What this task involves
Could you set down the lines from the first line of the entries below through the line with "Все полотенце из", exactly and with no pictures?

Items from a dataset
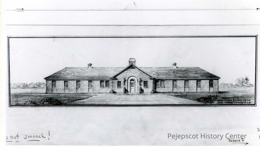 Black & white photograph of a sketch of the Picard Field House at Bowdoin College by John Calvin Stevens, Architect, Portland, ME.
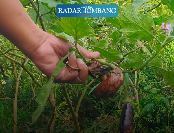Petani terong di Desa Gajah, Kecamatan Ngoro mengalami gagal panen. Menyusul tanaman terongnya terserang jamur. Akibatnya petani merugi besar.
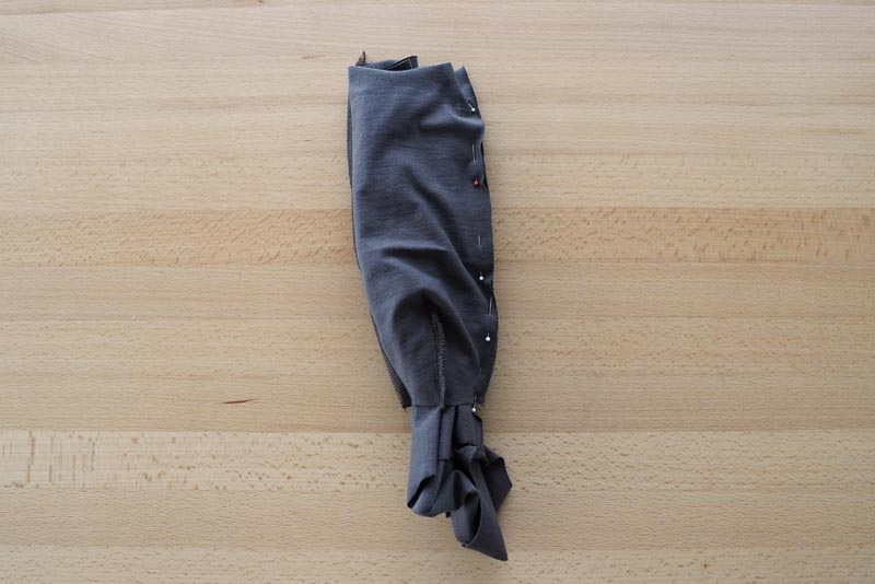 Boxerky otočíme lícem ven a pasový kraj spolu s všitou gumou podehneme do rubu, lem našpendlíme. Stejně tak si 3 cm ro budu podehneme koncovou záložku nohaviček. Našpendlíme.
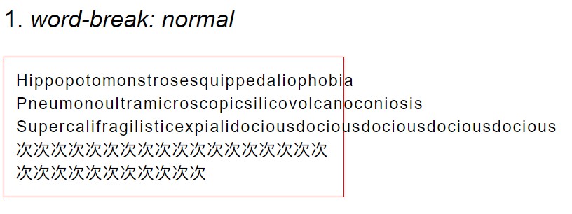The word-break: normal; property preserves standard line break rules.
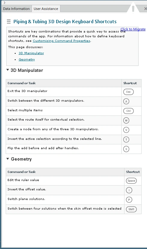 Different keyboard shortcuts are available to accelerate and facilitate the routing of 3D pipes.
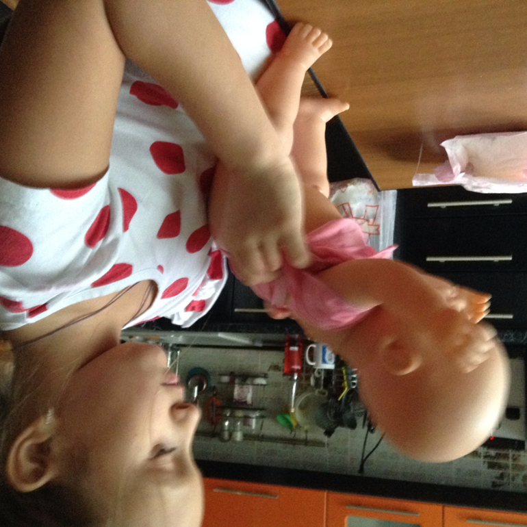 Все полотенце из ванной пошли в ход, куклу купали и мыли,вытирали .
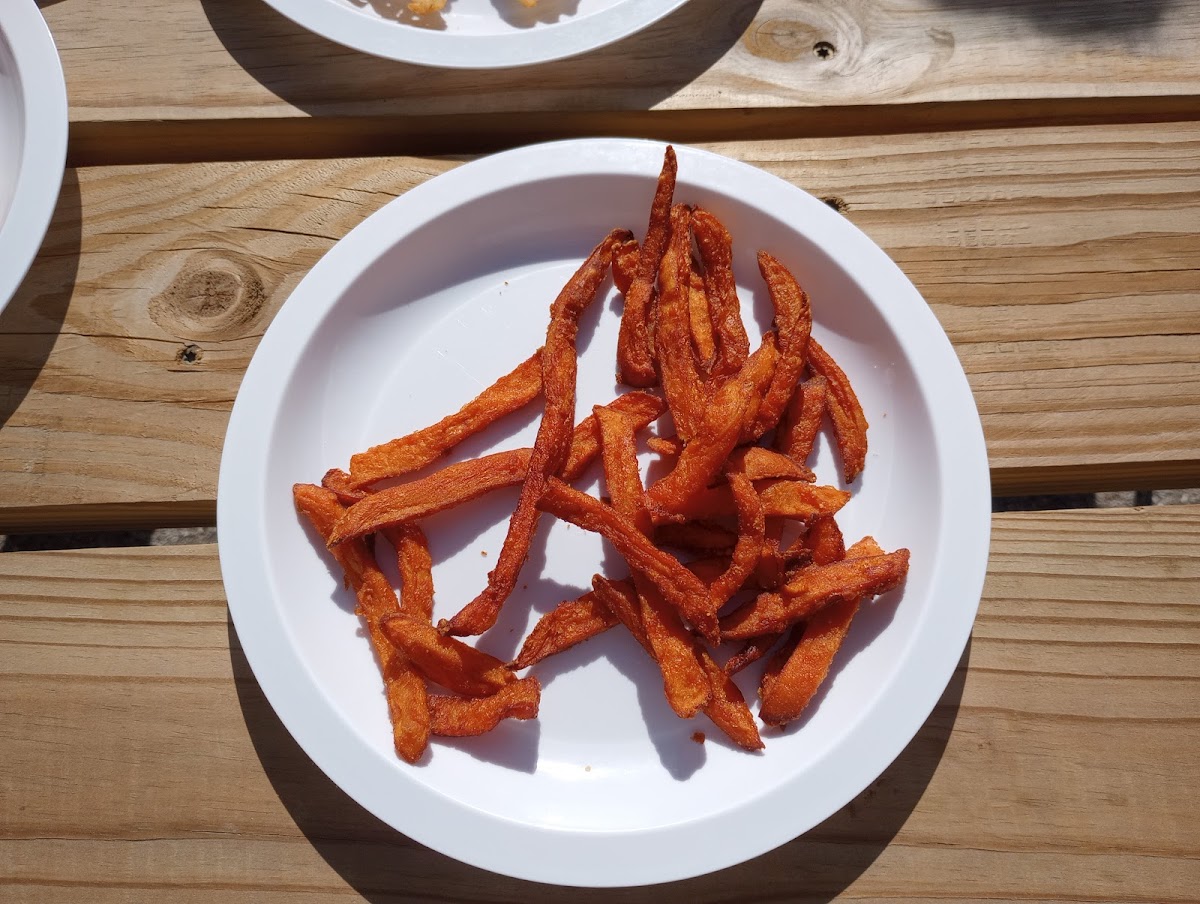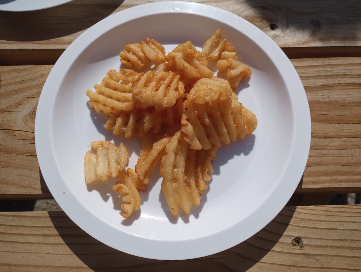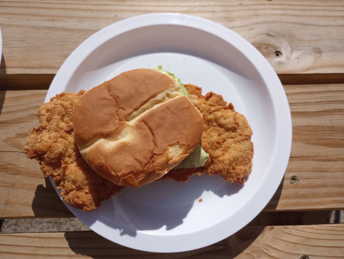 breaded tenderloin was very good had a nice pork to breading ratio. could have used a little seasoning. good quality pork no fat or gristle. the grilled tenderloin was also good though did have a bit of beef aroma from the grill. waffle fries needed more time in the fryer but still very potatoey. sweet potato fries were nice and crispy. extra points because there was no styrofoam. everything was wrapped in compostable paper.
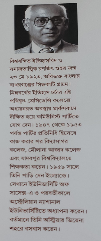 বিশ্ববন্দিত ইতিহাসবিদ ও সমাজতাত্ত্বিক রণজিৎ গুহর জন্ম ২৩ মে ১৯২৩, অবিভক্ত বাংলার বাখরগঞ্জের সিদ্ধকাটি গ্রামে। নিম্নবর্গের ইতিহাস চর্চার এই পথিকৃৎ প্রেসিডেন্সি কলেজে অধ্যয়নরত অবস্থায় মার্কসবাদে দীক্ষিত হয়ে কমিউনিস্ট পার্টিতে যোগ দেন। ১৯৪৭ থেকে ১৯৫৩ পর্যন্ত পার্টির প্রতিনিধি হিসেবে কাজ করার পর বিদ্যাসাগর কলেজ, মৌলানা আজাদ কলেজ এবং যাদবপুর বিশ্ববিদ্যালয়ে শিক্ষকতা করেন। ১৯৫৯ সালে তিনি পাড়ি দেন ইংল্যান্ডে। সেখানে ইউনিভার্সিটি অফ সাসেক্স-এ ও পরবর্তীকালে অস্ট্রেলিয়ান ন্যাশানাল ইউনিভার্সিটিতে অধ্যাপনা করেন। বর্তমানে তিনি অস্ট্রিয়ার ভিয়েনা শহরে বসবাস করেন।
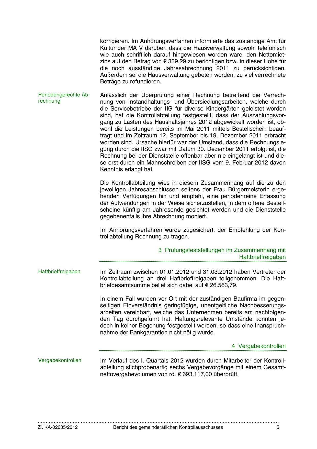 Im Verlauf des I. Quartals 2012 wurden durch Mitarbeiter der Kontrollabteilung stichprobenartig sechs Vergabevorgänge mit einem Gesamtnettovergabevolumen von rd. € 693.117,00 überprüft.

The completed task
 Black & white photograph of a sketch of the Picard Field House at Bowdoin College by John Calvin Stevens, Architect, Portland, ME.
Petani terong di Desa Gajah, Kecamatan Ngoro mengalami gagal panen. Menyusul tanaman terongnya terserang jamur. Akibatnya petani merugi besar.
 Boxerky otočíme lícem ven a pasový kraj spolu s všitou gumou podehneme do rubu, lem našpendlíme. Stejně tak si 3 cm ro budu podehneme koncovou záložku nohaviček. Našpendlíme.
The word-break: normal; property preserves standard line break rules.
 Different keyboard shortcuts are available to accelerate and facilitate the routing of 3D pipes.
 Все полотенце из ванной пошли в ход, куклу купали и мыли,вытирали .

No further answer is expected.